Facts. The Commonwealth presented the following evidence [149]*149at trial. Jorge Fidalgo (victim) was a well known member of the Cape Verdean community in Boston. See note 3, infra. He and his wife owned the F and T Davey Supermarket (Davey’s Market), a convenience store located on the comer of Dudley and Clarence Streets in the Roxbury neighborhood of Boston, and the victim cohosted a radio program for the Cape Verdean community.

Each morning, the victim’s wife would divide the cash derived from the store’s operation in packets according to denomination and wrap a brown paper band around each packet. The victim would list checks and WIC2 vouchers on deposit slips and bind them together with a rubber band. The victim would then drive his teal-colored minivan to two banks where he had accounts to deposit the money and checks.
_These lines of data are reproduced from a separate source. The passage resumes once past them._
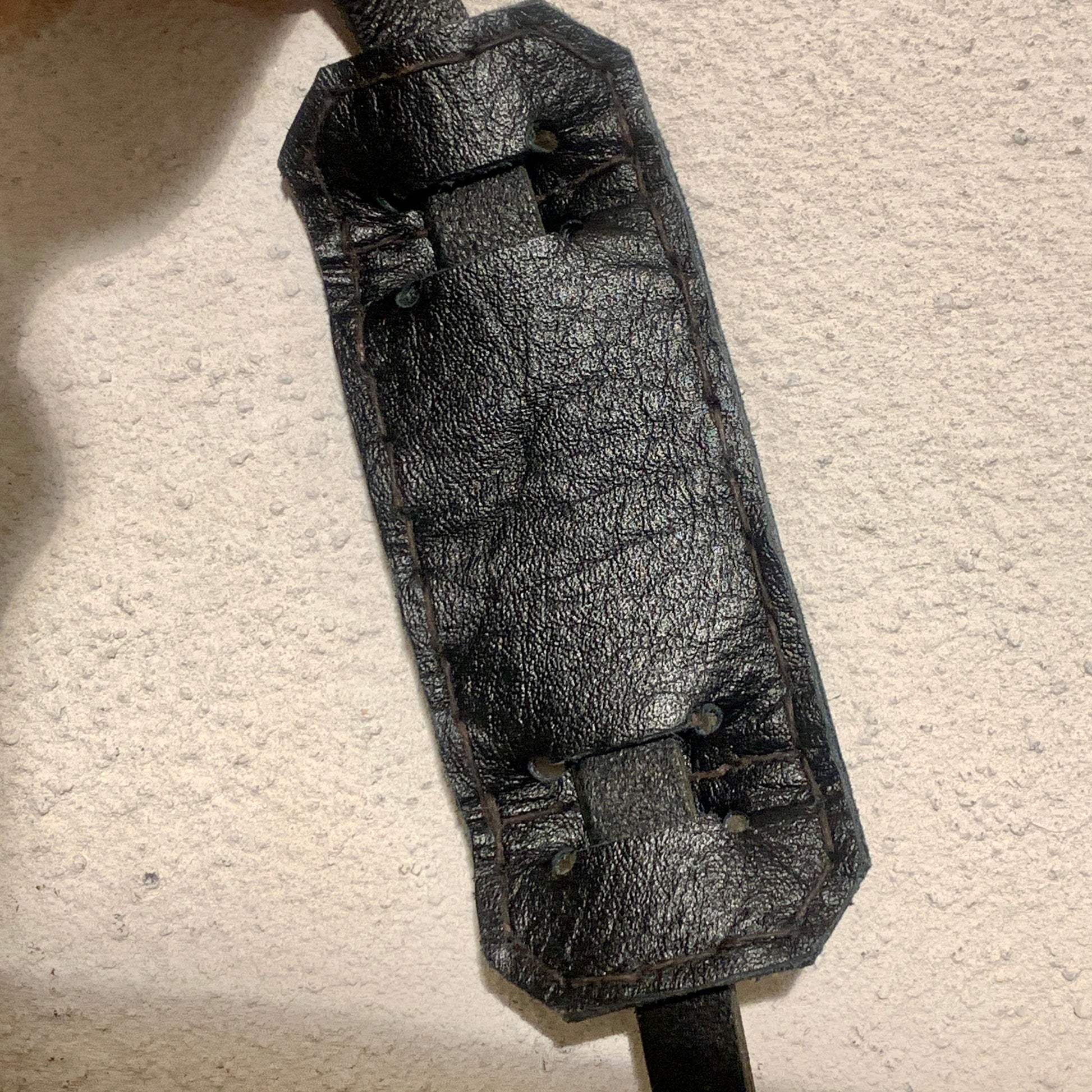 Unik håndsyet stor skuldertaske i tykt genbrugt mørkebrunt møbel læder med læder på ydersiden og ruskind på indersiden. Remmen er oprindeligt et læder bælte og skulderklappene er i tykt bøffellæder. Tasken er designet og håndsyet af Kim Zoll. Mål: Taske B: 35 cm. H: 36 cm. Rem: L: 100 cm.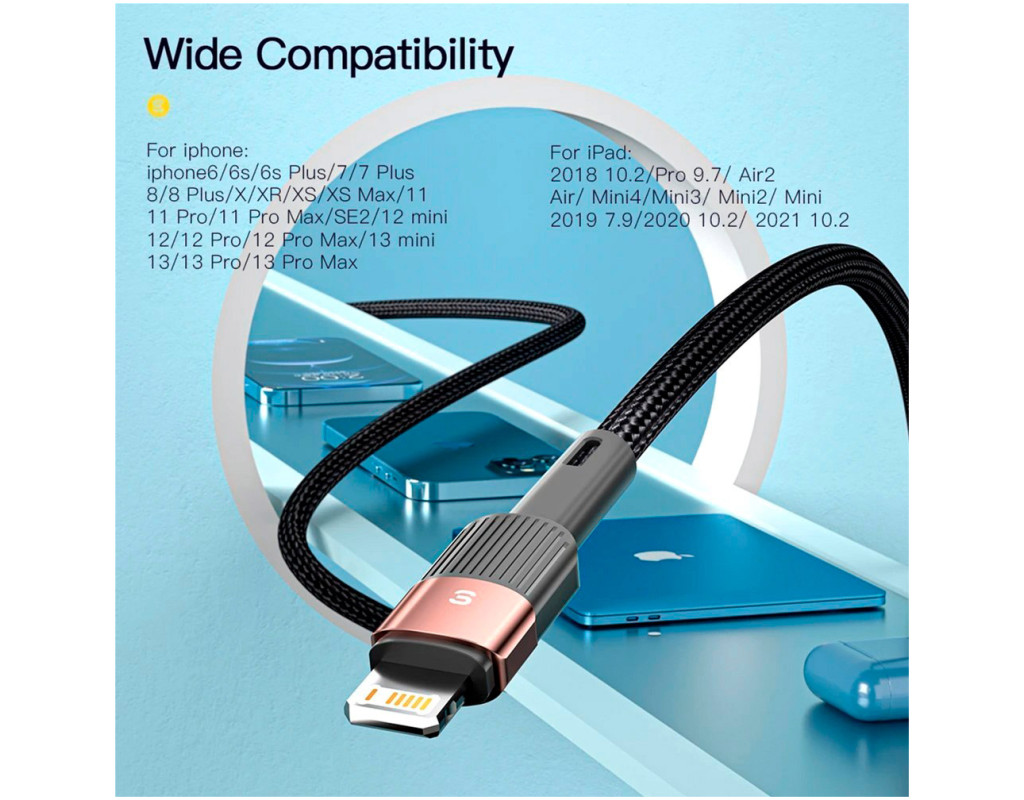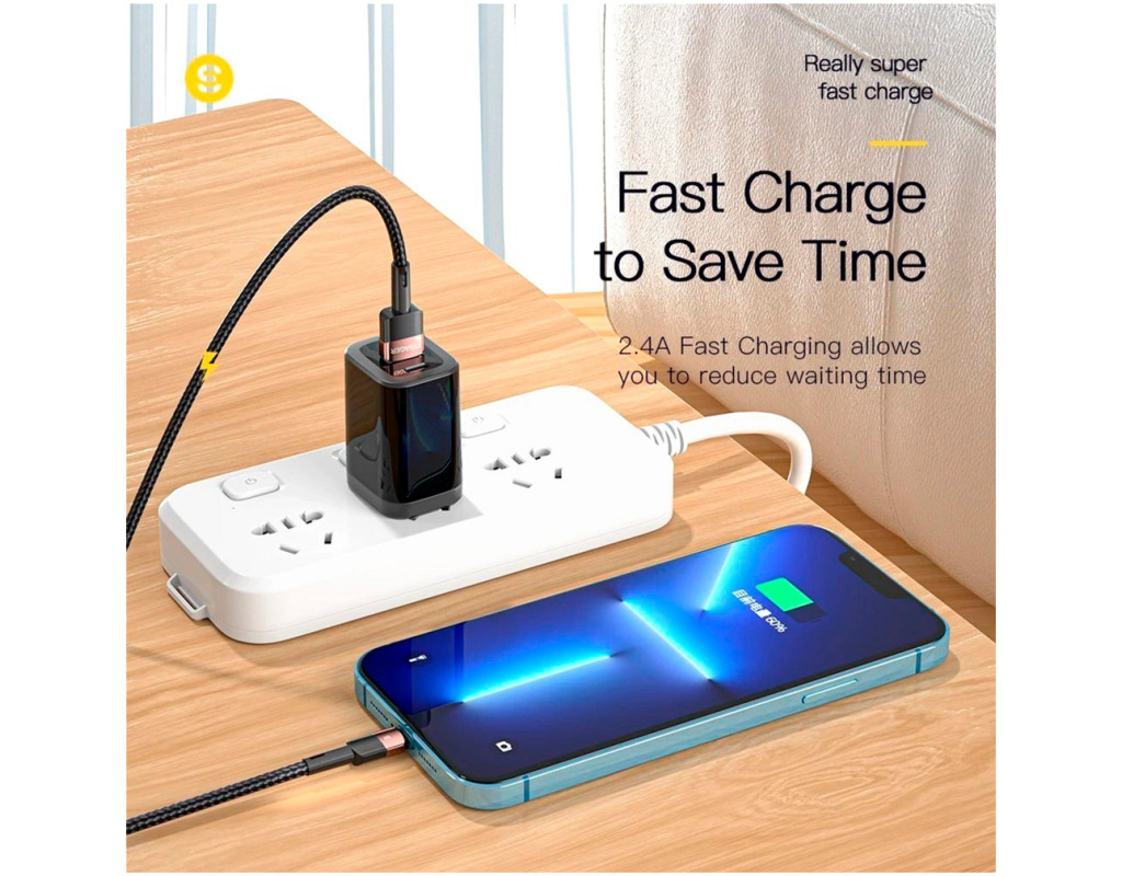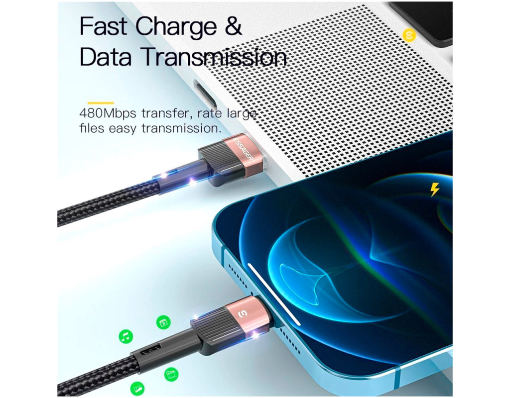 | Зарядний кабель Essager Star 6A Lightning USB дозволяє заряджати та передавати дані між сумісними пристроями, які мають роз'єми – USB-A to Lightning. До того ж у конструкцію впровадили стандарт швидкого заряджання, завдяки чому можна за короткий час відновити заряд акумулятора телефону або планшета. Переваги кабелю Essager: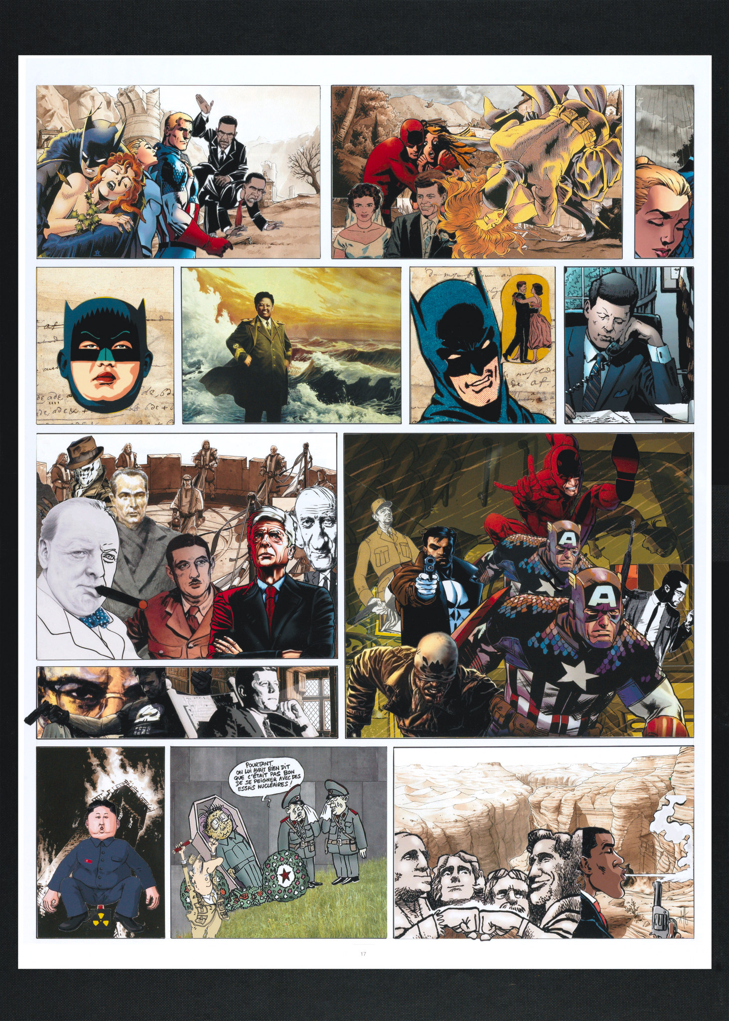 Le tableau se présente comme une page de comics. Dans les trois premières vignettes, les personnages principaux profitent d’un moment de légèreté. Puis surgit le « vilain » : Kim Jong Un. D’abord masqué, il révèle peu à peu ses ambitions démesurées.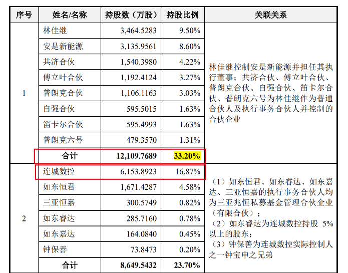 招股书显示,2020年4月,连城数控增资拉普拉斯。IPO前,连城数控持股16.87%,仅次于林佳继的19.6162%,是公司的第二大股东。

On the morning of April 23, 2001, the victim and his wife arrived at Davey’s Market at 8 a.m. and, because their customary parking place in front of the store was occupied by another vehicle, the victim parked his minivan on Clarence Street. Around 9:45 a.m., the victim’s wife gave him two brown bags containing three bundles, which included cash deposits totaling approximately $5,125, as well as checks and WIC vouchers, and the victim left the store to make his customary deposits at the banks.

At approximately 9:50 a.m., officers of the Boston police department, responding to a 911 call of a shooting, arrived at 47 Clarence Street. The victim’s minivan was stopped in the middle of the street with the engine still running. The victim was seated in the driver’s seat, slumped toward the middle of the vehicle, with a gunshot wound behind his left ear. The victim was transported by ambulance to a Boston hospital where he was pronounced dead a few hours later.

The police spoke with an eyewitness, Antonio Fidalgo (a cousin of the victim),3 who had discovered the victim. Minutes before the shooting, Fidalgo had seen a long brown van4 with [150]*150tinted windows and a Cape Verdean flag hanging from the interior rear view mirror parked in front of 47 Clarence Street. He saw at least two men inside, one in the driver’s seat wearing what he described as a round “Jamaican hat,” and another man moving around in the back seat area. The van was gone when he returned to the street and found the victim.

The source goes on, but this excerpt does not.